The next step in C. S. Lewis’s fall into atheism discussed in Surprised by Joy actually predated and undergirded his encounters with his school matron (discussed in my previous post).   For quite some time, Jack had been wrestling with what it meant to know that his prayers and beliefs were effective.  That is the sort of thing that I would venture to guess that most Christians have wrestled with at one time or another.  How do I know that God is listening to my prayers?  How do I know that He’s answered them?  Am I really believing or am I failing miserably?  Many of us immediately jump to the (false) conclusion that the only way we could “know” any of this is by the observable, measurable presence of some emotional reaction to the process that produces some vague mystical experience.  Frankly, entire denominations of the Christian faith have been based on this one answer to this one problem.  As Jack himself put it:

No clause of my prayer was allowed to pass muster unless it was accompanied by what I called a “realization,” by which I meant a certain vividness of the imagination and the affections.  My nightly task was to produce by sheer will power a phenomenon which will power could never produce, which was so ill-defined I could never say with absolute confidence whether it had occurred, and which, even when it did occur, was of a very mediocre spiritual value. (61)
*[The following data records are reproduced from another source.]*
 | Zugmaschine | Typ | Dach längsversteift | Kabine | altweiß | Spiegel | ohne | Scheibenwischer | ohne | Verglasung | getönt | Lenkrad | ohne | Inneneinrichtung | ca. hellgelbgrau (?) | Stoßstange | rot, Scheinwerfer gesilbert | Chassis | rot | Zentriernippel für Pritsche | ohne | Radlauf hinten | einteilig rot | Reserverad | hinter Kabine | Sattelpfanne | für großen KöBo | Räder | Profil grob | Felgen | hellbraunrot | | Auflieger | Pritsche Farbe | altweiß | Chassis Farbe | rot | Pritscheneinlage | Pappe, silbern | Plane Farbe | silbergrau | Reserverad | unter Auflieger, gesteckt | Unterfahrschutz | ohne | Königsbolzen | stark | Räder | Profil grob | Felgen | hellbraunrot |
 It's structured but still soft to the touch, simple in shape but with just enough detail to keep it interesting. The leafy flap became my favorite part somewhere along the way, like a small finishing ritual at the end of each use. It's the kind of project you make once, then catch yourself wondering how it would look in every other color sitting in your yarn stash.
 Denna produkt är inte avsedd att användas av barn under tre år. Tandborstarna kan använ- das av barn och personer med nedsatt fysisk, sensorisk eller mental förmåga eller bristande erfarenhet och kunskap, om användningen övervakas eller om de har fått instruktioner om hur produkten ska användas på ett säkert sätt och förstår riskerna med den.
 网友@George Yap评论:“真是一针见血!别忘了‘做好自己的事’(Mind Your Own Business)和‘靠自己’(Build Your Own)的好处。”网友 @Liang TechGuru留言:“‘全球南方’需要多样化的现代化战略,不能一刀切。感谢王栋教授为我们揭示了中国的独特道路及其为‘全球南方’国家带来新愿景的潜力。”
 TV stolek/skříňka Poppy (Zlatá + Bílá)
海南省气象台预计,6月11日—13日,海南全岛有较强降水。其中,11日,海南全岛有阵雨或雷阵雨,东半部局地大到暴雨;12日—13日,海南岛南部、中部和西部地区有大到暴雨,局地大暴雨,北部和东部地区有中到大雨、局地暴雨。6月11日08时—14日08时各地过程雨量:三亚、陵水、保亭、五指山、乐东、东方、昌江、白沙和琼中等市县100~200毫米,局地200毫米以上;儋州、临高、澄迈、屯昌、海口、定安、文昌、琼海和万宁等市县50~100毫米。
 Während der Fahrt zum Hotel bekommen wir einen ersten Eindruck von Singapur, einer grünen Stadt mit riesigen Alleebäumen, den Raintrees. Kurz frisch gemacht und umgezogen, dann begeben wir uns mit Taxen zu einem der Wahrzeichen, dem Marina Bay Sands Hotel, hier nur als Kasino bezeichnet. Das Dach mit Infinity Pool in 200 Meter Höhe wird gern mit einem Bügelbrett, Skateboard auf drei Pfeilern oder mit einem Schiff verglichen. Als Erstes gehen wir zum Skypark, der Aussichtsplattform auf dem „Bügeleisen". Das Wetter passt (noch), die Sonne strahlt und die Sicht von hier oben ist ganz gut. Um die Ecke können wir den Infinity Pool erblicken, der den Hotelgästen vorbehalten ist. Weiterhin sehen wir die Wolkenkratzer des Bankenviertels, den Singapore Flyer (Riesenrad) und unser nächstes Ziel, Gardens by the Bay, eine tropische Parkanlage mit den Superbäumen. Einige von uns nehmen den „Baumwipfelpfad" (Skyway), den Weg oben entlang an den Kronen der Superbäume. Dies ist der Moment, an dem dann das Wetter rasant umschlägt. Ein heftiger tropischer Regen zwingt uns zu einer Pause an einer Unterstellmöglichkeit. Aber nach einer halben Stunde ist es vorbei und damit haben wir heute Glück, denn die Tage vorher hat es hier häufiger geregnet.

Lewis himself notes that it was a brilliant ploy of the Enemy–similar to one I saw a debate student pull on several other non-debate panel members in one of my classes today.  In that case, the student clearly and forcefully posed an answer to a hypothetical question (in his case dealing with the bombing of Hiroshima and Nagasaki) and then just as forcefully refused to accept anything but concrete evidence to the contrary.   The trouble was that the scenario in question was entirely abstract and therefore there was no concrete evidence that could be offered.  In short, he presented them with a question that, if they accepted it on his terms, was impossible to answer.  Jack put himself in a similar bind.  He notes that he demanded of his will power one thing that will alone could never deliver.  The result, not surprisingly, was repeated failure.

Jack’s response was to reinforce that failure.  If he could not find that feeling, it must simply be that he wasn’t trying hard enough.  So, he would spend hours up at night, repraying the same prayers over and over and hoping that this time he would get it right.  It was an incredible burden, especially for a thirteen year old boy.  He found that as time went on he “dreaded bed time” and that had it gone on for much longer, “I think I should have gone mad.” (63)

All of that built up in his mind over time and as a result, not only did he feel like he could slip away from his faith, in fact he wanted to do so.  It made him “desperately anxious to get rid of my religion.”  Atheism, then, came as a release.

My wife and daughter got me this...but its on cassette tape! 😦

I also find it interesting to see bits of Screwtape showing up in this section.  Somewhere–I believe it was in the prologue to The Screwtape Letters–Lewis remarked that he did not need to delve into any diabolic sources to research Screwtape.  He simply knew what worked with him.  He seems to be facing precisely that sort of attack that one might expect Screwtape himself to mastermind, and (at least in 1955) he understands what had happened to him.  In his descriptions I can almost see Jack’s infernal companion whispering in the young man’s ear, kneeling by his bed in the deep shadows of the night, a solitude broken only so often by the ticking of a clock and a sliver of moonlight.  The patient was tired, but the demon kept whispering his encouragement–“Keep at it!  Maybe this time!  Did you really mean that prayer?  Was that feeling real enough?”

And so it would go, with Jack’s best, most earnest efforts leading him farther into the darkness, into the halls of infernal Noise, perhaps to one day become the prey of Undersecretary of the Infernal Lowerarchy himself.